Malta just became the first country to give every resident free ChatGPT Plus for a year.
The catch? You have to finish a free government course on how to use AI first.
A nation of 500,000 people just turned AI literacy into a public utility.
The US is not going to do this.
Not in 2026. Not in 2027. Probably not ever.
Which means the gap is now structural.
In Malta, the baseline office worker in 12 months will know how to write a prompt, run a workflow, and pull leverage out of a model. In the US, that same worker is still waiting for HR to approve a Copilot license.
This is the part most American founders are missing:
1. AI literacy is a country-level moat now
Whole populations are getting trained at once. Not bootcamps. Not LinkedIn courses. National rollouts.

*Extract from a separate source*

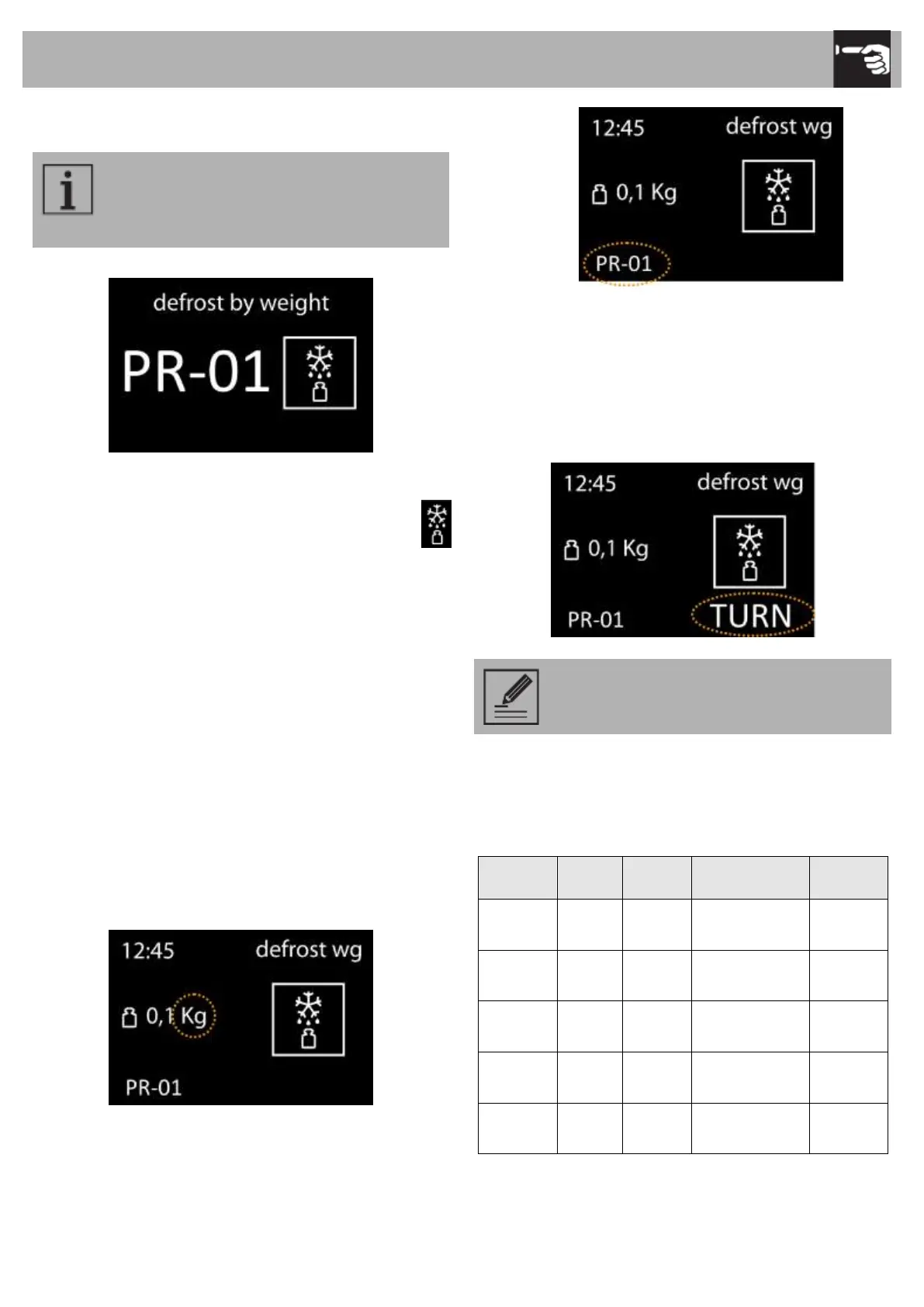 defrosting by weight function, indicating the weight

2. The American advantage was building the models
That advantage shrinks fast when other countries get better at using them than we are.
3. Your team is your country
If you are running a US company, nobody is showing up to train your people. You do it, or you fall behind the Maltese accountant.
At Zing we already see the split inside our own client base. The teams that forced AI literacy in Q1 are shipping in days. The teams still "evaluating tools" are quoting 4 weeks for work the first group does before lunch.
Malta just made it national policy.
You can make it company policy on Monday.
The countries treating AI like electricity are going to eat the ones treating it like a side project.